Nun zum weniger Angenehmen: Grundsätzlich muß ich sagen, daß ich ein paarmal kurz davor war, meine Sachen zu packen und nach Hause nach Rußland zu fahren. Der Kulturschock war heftig.
Ich bin ja hierher gekommen, weil ich meiner Familie und mir ein besseres Leben ermöglichen wollte und auch, weil ich mich beruflich weiterentwickeln möchte. Ich hatte meine eigene Schulbildung im Westdeutschland der 80er Jahre im Hinterkopf, als ich in Rußland immer sagte, daß die deutsche Schulbildung besser als die russische sei. Nun, da war ich auf dem Holzweg, denn die Bildung die ich dereinst genießen durfte existiert nicht mehr. Ich bin Klassenlehrer einer dritten Klasse, unterrichte dort Deutsch und DaZ und habe in den ersten Wochen auch Mathematik gegeben, und der Wissensstand der Drittklässler in Deutschland bewegt sich auf dem der Erstklässler in Rußland, und das ist keine Übertreibung. Im Kindergarten wird scheinbar nur noch auf die Kinder aufgepaßt und es wird dort nichts gelernt, weder Lesen und Schreiben noch soziale Verhaltensweisen oder Disziplin. Ich kann Kollegen nicht verstehen, bei denen der Lautstärkepegel während des Unterrichts dem eines Flughafens gleicht, weil "offener" Unterricht bevorzugt wird. Für mich ist dieser offene Unterricht nichts anderes als komplette Anarchie.

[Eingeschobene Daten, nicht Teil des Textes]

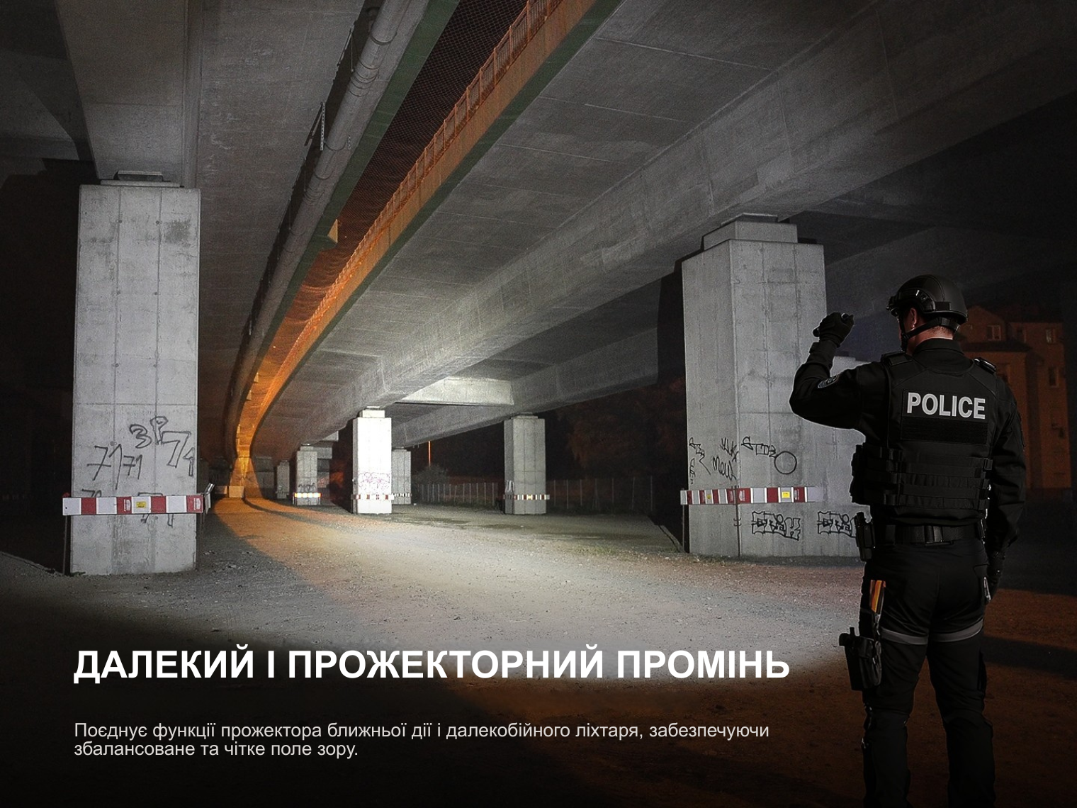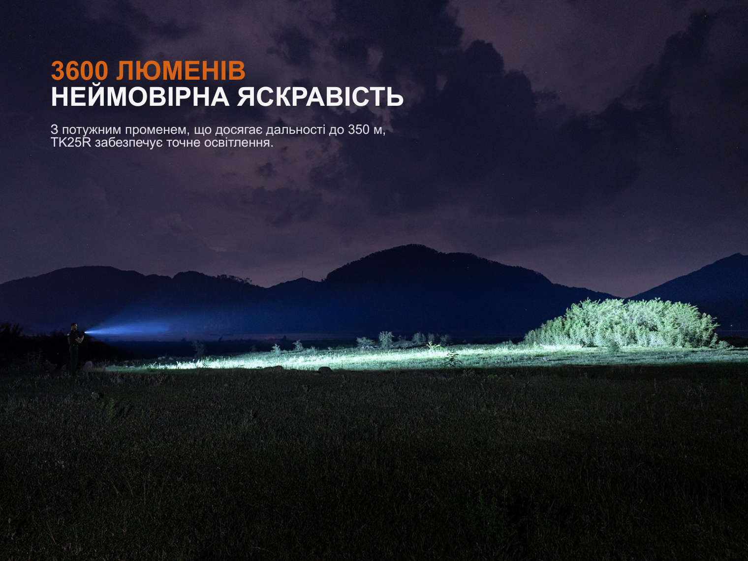 Потужний промінь на 3600 люменів освітлює до 350 м дистанції, створюючи широкий світловий потік для контролю великих територій.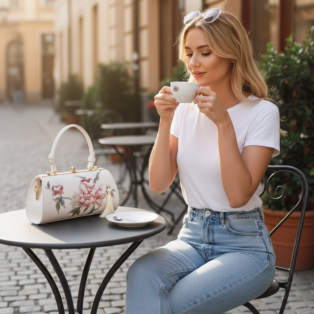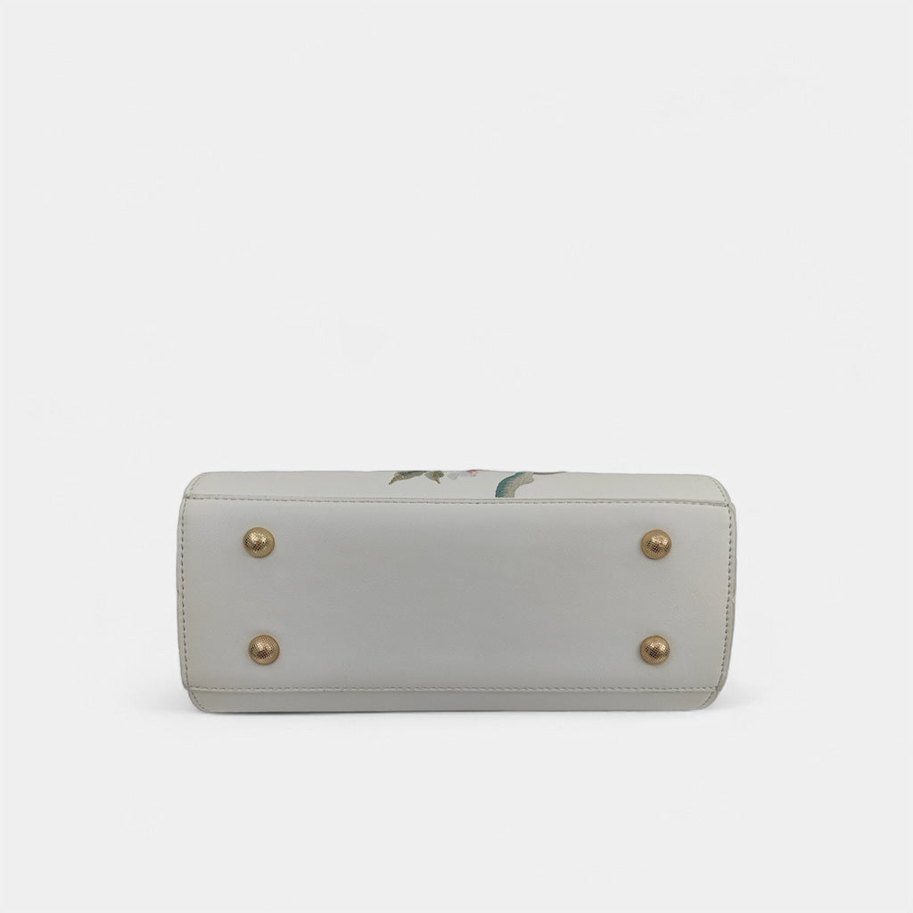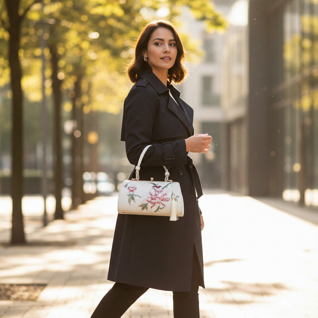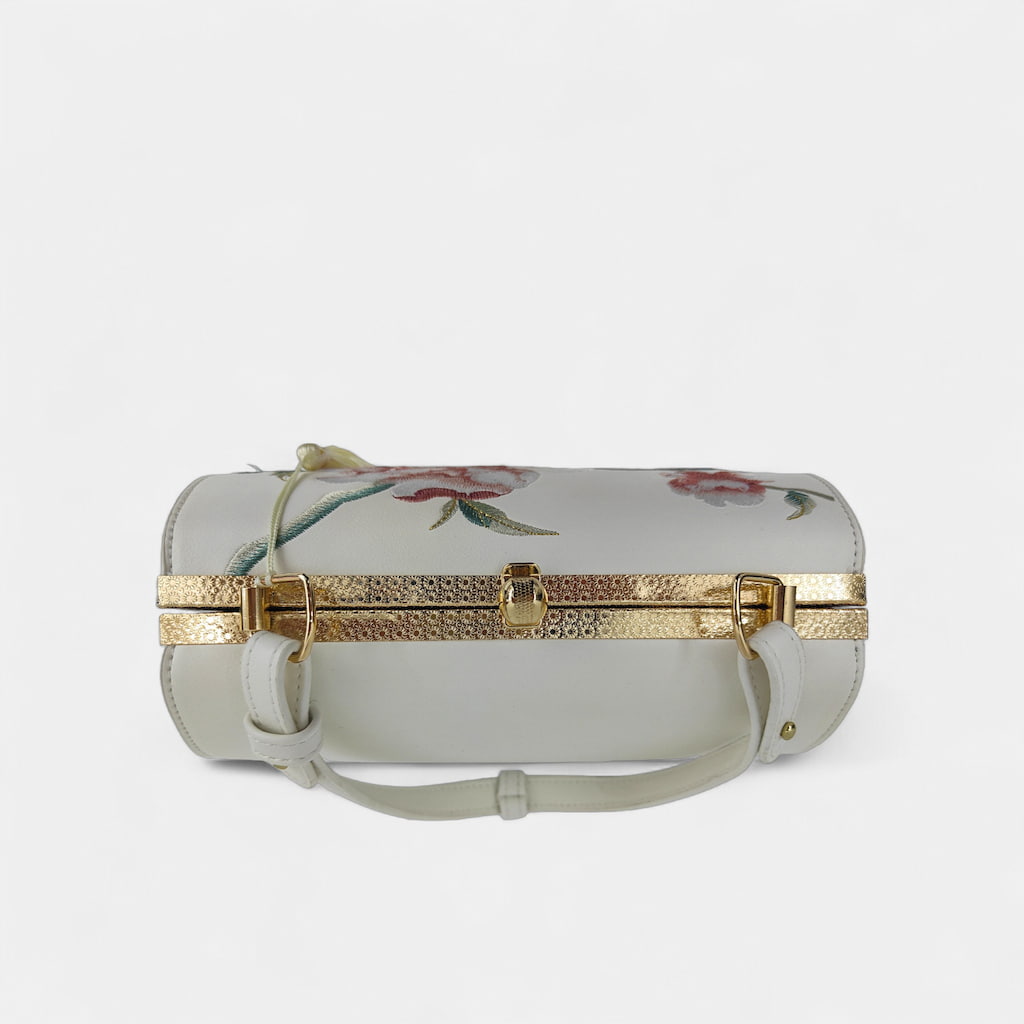 Designer Floral Handbag | White Vintage Embroidered Peony Barrel Bag with Tassel

Auch werden an Seiteneinsteiger für meine Begriffe sehr hohe Anforderungen gestellt. Ich bin ja nun schon Lehrer, habe das studiert, wenn auch nicht in Deutschland, aber ich bin nicht stofflich überfordert, sondern mit der Bürokratie. Dieses klein-klein Verhalten in nahezu allen Berufssituationen ist für mich persönlich sehr anstrengend, und ich möchte mir nicht vorstellen, wie jemand das findet, der jetzt aus einem völlig fremden Fach eingestiegen ist. Ich würde mir auch wünschen, daß das Verhältnis zwischen der Administration inklusive Schulamt und dem Lehrpersonal nicht so kalt wäre wie es ist, aber das ist vermutlich einfach "deutsch"? Ich finde es jedenfalls seltsam, wenn ich jemanden per "Sie" anreden soll mit dem ich arbeite.
Alles in allem habe ich jedoch mittlerweile den Eindruck, daß ich es trotz aller Widrigkeiten hinbekomme, denn das Positive überwiegt. Ich habe meine Klasse wirklich liebgewonnen und freue mich immer noch auf meine Arbeit, naja, wenn nicht zufällig eine Hospitation ansteht, das finde ich extrem nervig.
Ich würde mich freuen, wenn noch andere ihre ersten Erfahrungen in diesem Thread teilen.